Article By: The Press
Remembering the
holiday traditions
At the beginning of the last century, immigrants who first came to South Bethlehem celebrated the Christmas holiday in the traditional manner of their native lands. As with so many ethnic groups, the holiday revolved around the dining room table with all members of the family. To achieve success in this holiday feast at home, each parent performed chores that balanced their workloads. During the 1920s and 30s, a husband who worked at Bethlehem Steel relied on his wife to care for their children, keep house and prepare the meals.
For this generation living in South Bethlehem before the Great Depression and beyond the post-WWII years, Christmas Eve and Christmas Day dinners were prepared in the manner practiced by their ancestors. All the food needed for dinner was planned and purchased in advance.
On Christmas Eve, women frequented the Municipal Market at East Third and Adams streets for the bulk of dinner items. They purchased fruits and vegetables, dairy items, eggs, sugar, flour, poultry, seafood and meats. Since electric refrigerators with freezers were not yet popular or affordable, housewives depended on the icebox – and that meant food had to be purchased daily. Chickens were never frozen; they were chosen live and were butchered at any number of Southside chicken markets: Kaplan’s on East Third and Taylor streets, Hoffman’s at West Fourth and Buchanan streets or at the Municipal Market on East Third and Adams streets.
Christmas dinner was prepared early in the day. Many young Southside residents remember how their mothers rolled cookie dough on the kitchen table and made them with tin cookie-cutters. They decorated the cookies on cookie sheets and placed them into the hot coal-fired oven. Nothing compared to the smell of fresh baked cookies. Depending on which Southside ethnic group, these hand-made traditional pastries included apple strudel, Dobos torte, kiffles, nut tossies, poppy seed rolls, pizzelles, biscotti, strufoli, butter kuchen and even yeast-raised Moravian sugar cake.
While adult family members occupied their usual seats at the table, extra chairs were supplied to seat additional relatives. The father was always seated at the head of the table. Prayers of thanks at dinner were said prior to any food touching the lips of those seated.
Although the dining room was devoid of distractions like television and electronic devices, Christmas dinner was hardly eaten in silence. Conversation kept the table alive with chatter by family members who hadn’t seen each other for long periods of time and had taken the opportunity to share the latest events in their lives.
Eaten leisurely, Christmas dinner was a feast of flavors not experienced during other times of the year.
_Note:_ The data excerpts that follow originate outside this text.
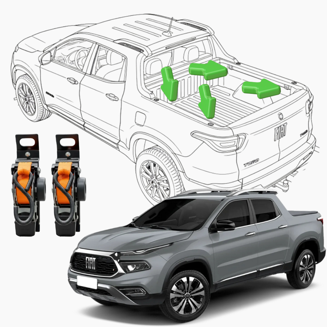 Perfeito para quem usa a caminhonete no dia a dia, no trabalho, nas viagens ou no campo, o sistema de recolhimento automático mantém as cintas sempre prontas para uso, fixas na carroceria, eliminando o barulho e a bagunça das catracas comuns.
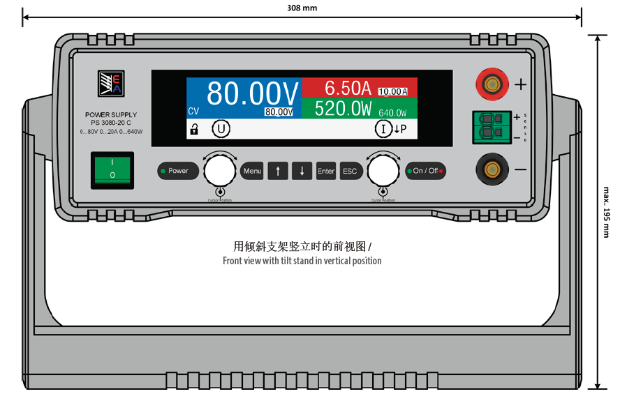 本系列有0...40 V和0...200 V輸出電壓,0...2 A和0...40 A輸出電流,0...160 W和0...640 W輸出功率的不同型號。因此不管是手動控制還是遠程控制(模擬或數(shù)字),都可在0%與100%之間連續(xù)調(diào)節(jié)電流、電壓與功率。輸出端位于產(chǎn)品前面板上。
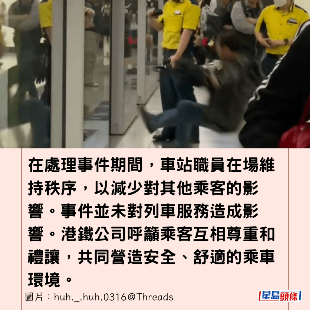 發言人又謂,在處理事件期間,車站職員在場維持秩序,以減少對其他乘客的影響。事件並未對列車服務造成影響。港鐵公司呼籲乘客互相尊重和禮讓,共同營造安全、舒適的乘車環境。
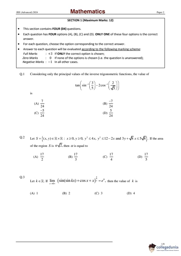 | JEE Advanced Question Paper 2024 | JEE Advanced Answer Key 2024 |
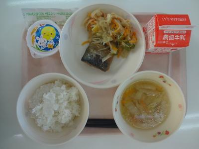 ~ごはん、ブリの西京焼き、ひじきの炒め煮、みそ汁、牛乳、ヨーグルト~
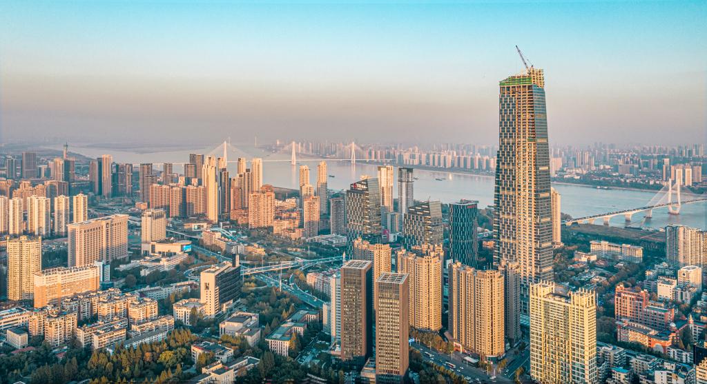 这是无人机航拍的武汉市江岸区景观。(陈卓 摄)
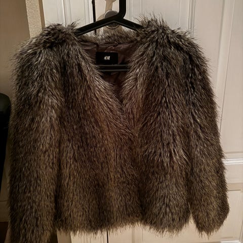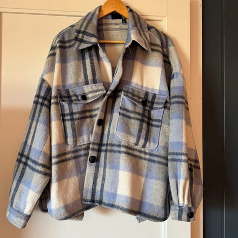 H&M jakke for dame i størrelse S. Jakken er laget i ullmateriale og har et flerfarget rutemønster i jordtoner. Modellen har krage, knappelukking foran og to store brystlommer med klaff. Passformen er rett og noe romslig, egnet som en lett ytterjakke eller overshirt i overgangssesonger.

After dinner, women wearing aprons collected the plates and flatware and retreated to the kitchen. Here they held court with conversation and gossip while dishwashing by hand, while others in the room dried every glass, plate, flatware and pot, and put everything back in its respective cupboard, cabinet and drawer without evidence that a meal had even been prepared, except for the lingering aroma.
The dishwashing ritual ended with a scoured sink, followed by a pot of coffee placed on the stove range to perk, while cake, homemade pastries and desserts were arranged on platters covered with doilies for serving.
Back in the dining room, men recounted hunting and fishing triumphs and garden failures the previous summer while drinking beer or wine. They spoke of their jobs with conviction and bravado or recalled winning moments of their favorite football team at Taylor Stadium.
Breezing through blue-colored cigarette smoke from the men’s ashtrays, women returned to the dining room armed with cups, plates, coffee and dessert platters to still more personal stories and family secrets. While adults reminisced at the table, children busied themselves on the floor with games and remained quiet, so as not to miss one word of family folk tales.
Finally, small glasses were brought to the table accompanied by an assortment of bottled cordials, which included fruit brandy, port and sweet liqueurs.
Christmas festivities didn’t end there. It was relatively common for local Southside musicians to serenade their friends at home at Christmas and on New Years Eve, as Francis Figlear recalls:
“Music was the lifeblood of the Southside community because it was recreational and gave relief from the pain of the economic difficulties caused by the Depression and the gruesome war in the 1940s. My Dad, violinist Victor Figlear had two orchestras organized at the same time. His cousins, George and Frank Doddy also had their own orchestras; there were others, including Vincent Czipoth, Peter Heinrich, Ernie Pecsek and Joe Resetar.
“Late Christmas Eve was very special around our house, when the gypsies from New Jersey came with their musical instruments. My dad would take his violin and lead them serenading to family and friends all over Southside neighborhoods – and around the valley. They usually would arrive back at our house sometime later that night and dump all the tip money inside their bass fiddle onto the table!”
Back then, as now, Christmas festivities soon faded to memory. The anticipation of the long winter of sledding on snow-covered streets led to the hope of spring, and of course, another family holiday.
After six weeks of Lenten dishes, devoid of meat and sweets, Easter was welcomed with baskets filled with colored pysanky eggs, chocolates in the form of rabbits and crosses and edible marshmallow Peeps. And like Christmas, Easter offered another holiday dinner of food and table talk – all of which evolved around the family in those bygone days.